In the material below, find the span from the line with "Buy The Rag" to the line with "12路PT100温度数据采集" and transcribe only those lines, exactly, ends included, without the pictures.

==== RECORDS

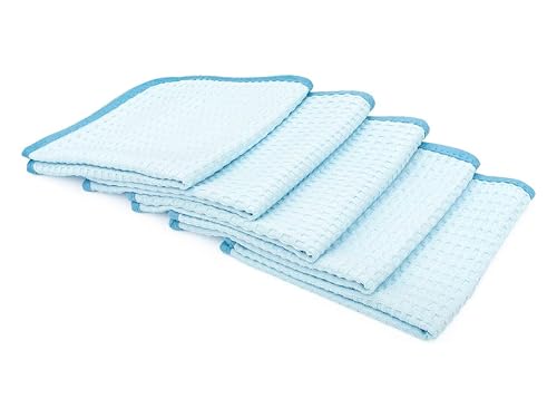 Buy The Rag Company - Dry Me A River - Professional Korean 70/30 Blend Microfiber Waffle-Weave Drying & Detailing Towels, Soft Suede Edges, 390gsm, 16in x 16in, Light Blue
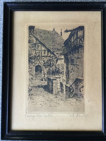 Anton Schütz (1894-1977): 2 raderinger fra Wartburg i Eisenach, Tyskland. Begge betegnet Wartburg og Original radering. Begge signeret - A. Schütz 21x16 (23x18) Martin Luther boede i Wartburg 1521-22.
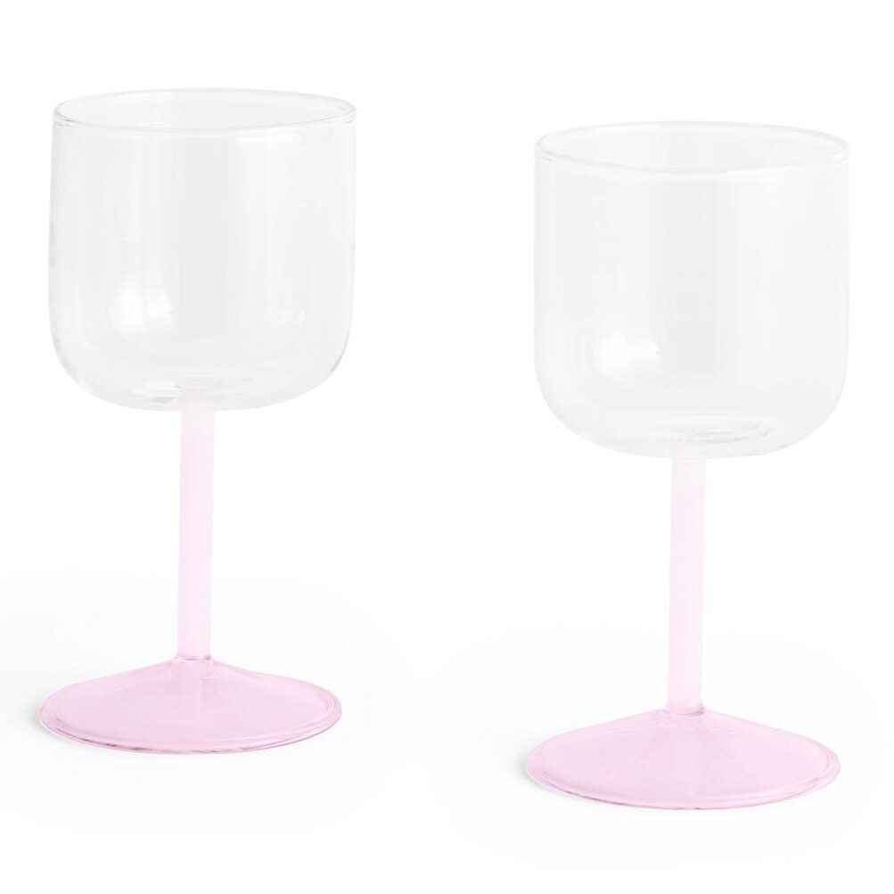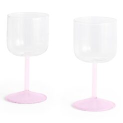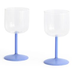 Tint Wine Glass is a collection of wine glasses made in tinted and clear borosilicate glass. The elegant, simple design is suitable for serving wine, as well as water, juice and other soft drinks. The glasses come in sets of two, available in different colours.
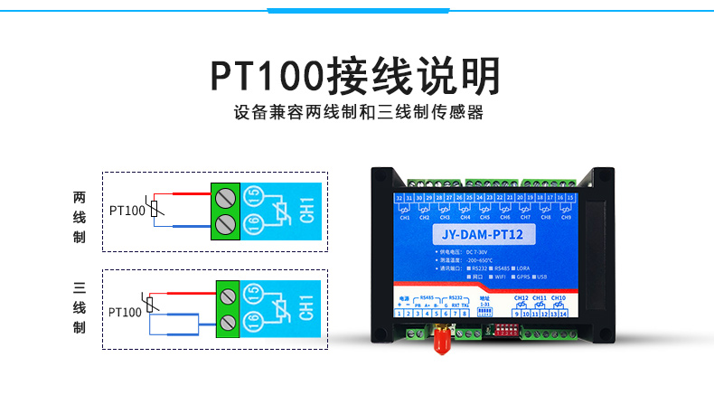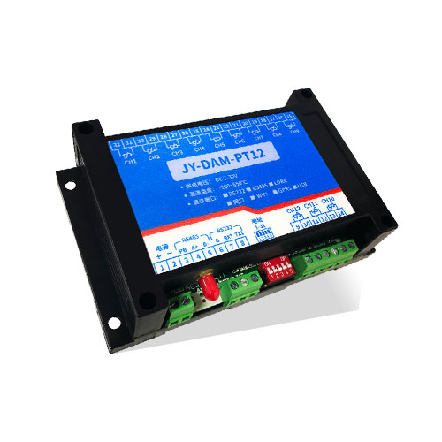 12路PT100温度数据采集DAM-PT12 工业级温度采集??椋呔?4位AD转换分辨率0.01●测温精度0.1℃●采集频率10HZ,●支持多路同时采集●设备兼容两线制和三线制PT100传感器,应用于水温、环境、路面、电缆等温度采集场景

========
==== RECORDS

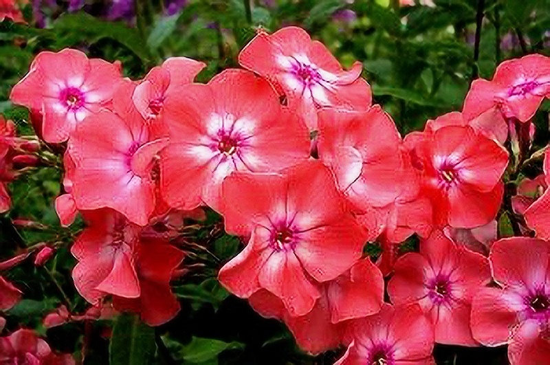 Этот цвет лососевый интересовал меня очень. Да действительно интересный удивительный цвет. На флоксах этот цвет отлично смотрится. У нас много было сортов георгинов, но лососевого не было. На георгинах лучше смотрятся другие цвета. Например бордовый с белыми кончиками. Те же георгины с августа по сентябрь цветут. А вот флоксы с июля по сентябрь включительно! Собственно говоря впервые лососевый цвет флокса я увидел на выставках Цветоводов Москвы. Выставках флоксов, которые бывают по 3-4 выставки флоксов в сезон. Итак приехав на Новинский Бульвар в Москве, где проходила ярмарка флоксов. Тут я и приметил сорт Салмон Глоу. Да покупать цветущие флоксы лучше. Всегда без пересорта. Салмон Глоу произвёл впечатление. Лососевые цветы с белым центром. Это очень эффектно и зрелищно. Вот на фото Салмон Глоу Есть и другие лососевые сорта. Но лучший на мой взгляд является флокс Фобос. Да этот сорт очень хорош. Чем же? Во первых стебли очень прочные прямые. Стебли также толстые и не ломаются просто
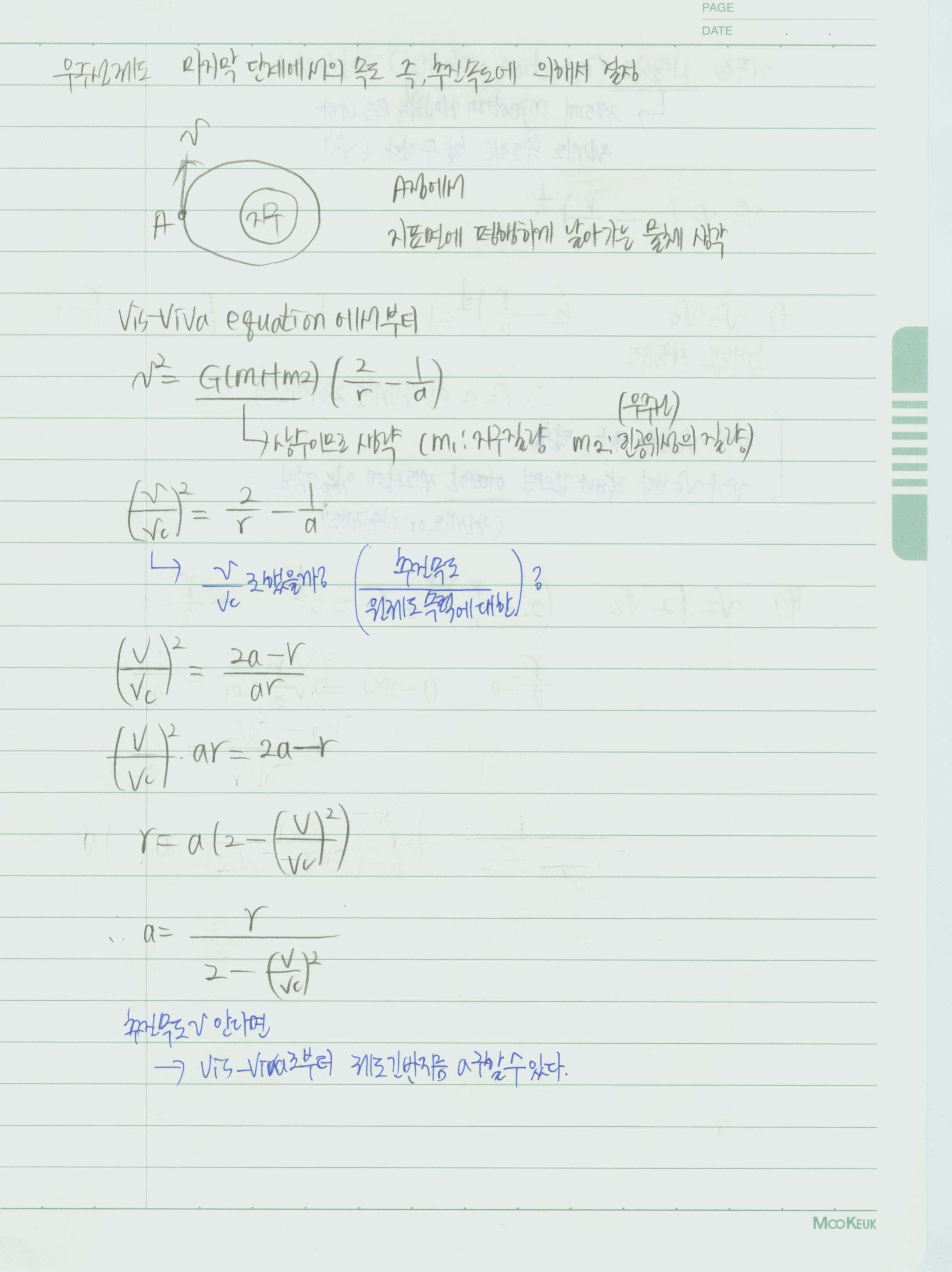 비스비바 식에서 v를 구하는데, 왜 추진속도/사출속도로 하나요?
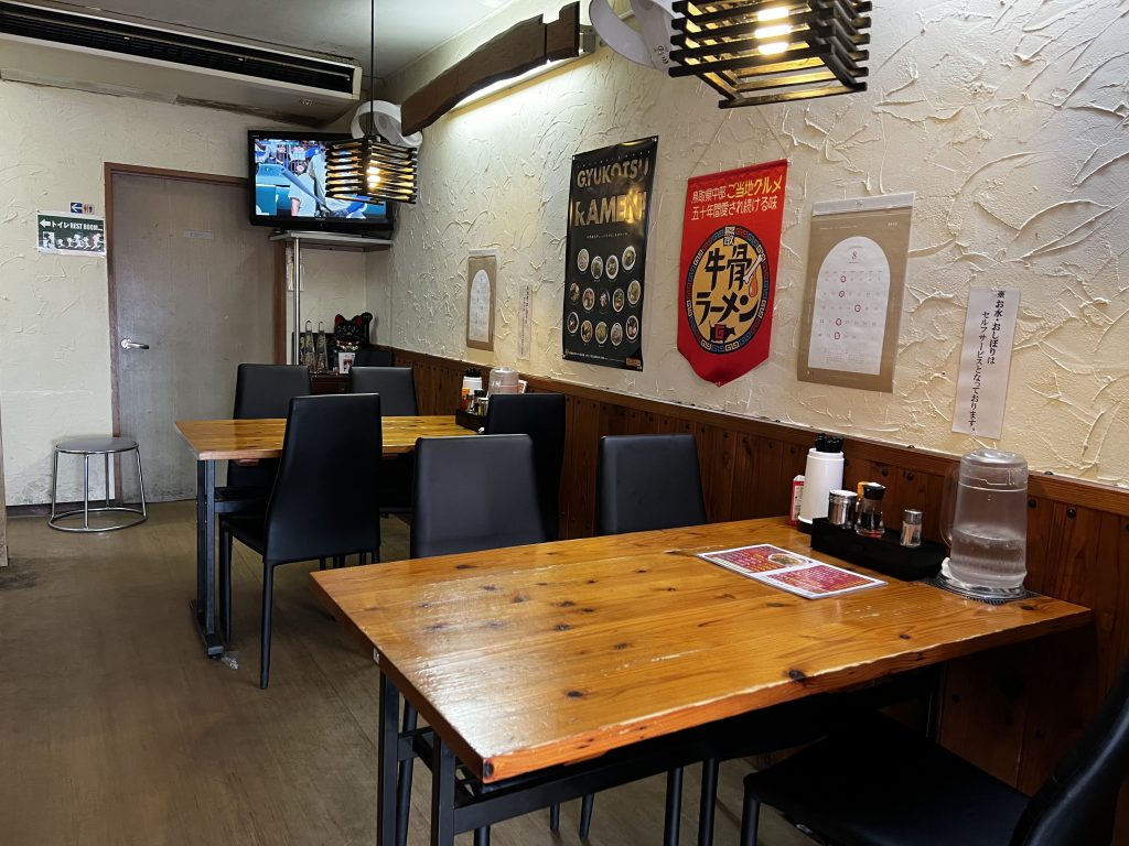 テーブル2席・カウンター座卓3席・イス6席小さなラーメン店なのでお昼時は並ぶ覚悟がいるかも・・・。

========

TASK SOLUTION
 Buy The Rag Company - Dry Me A River - Professional Korean 70/30 Blend Microfiber Waffle-Weave Drying & Detailing Towels, Soft Suede Edges, 390gsm, 16in x 16in, Light Blue
 Anton Schütz (1894-1977): 2 raderinger fra Wartburg i Eisenach, Tyskland. Begge betegnet Wartburg og Original radering. Begge signeret - A. Schütz 21x16 (23x18) Martin Luther boede i Wartburg 1521-22.
 Tint Wine Glass is a collection of wine glasses made in tinted and clear borosilicate glass. The elegant, simple design is suitable for serving wine, as well as water, juice and other soft drinks. The glasses come in sets of two, available in different colours.
 12路PT100温度数据采集DAM-PT12 工业级温度采集??椋呔?4位AD转换分辨率0.01●测温精度0.1℃●采集频率10HZ,●支持多路同时采集●设备兼容两线制和三线制PT100传感器,应用于水温、环境、路面、电缆等温度采集场景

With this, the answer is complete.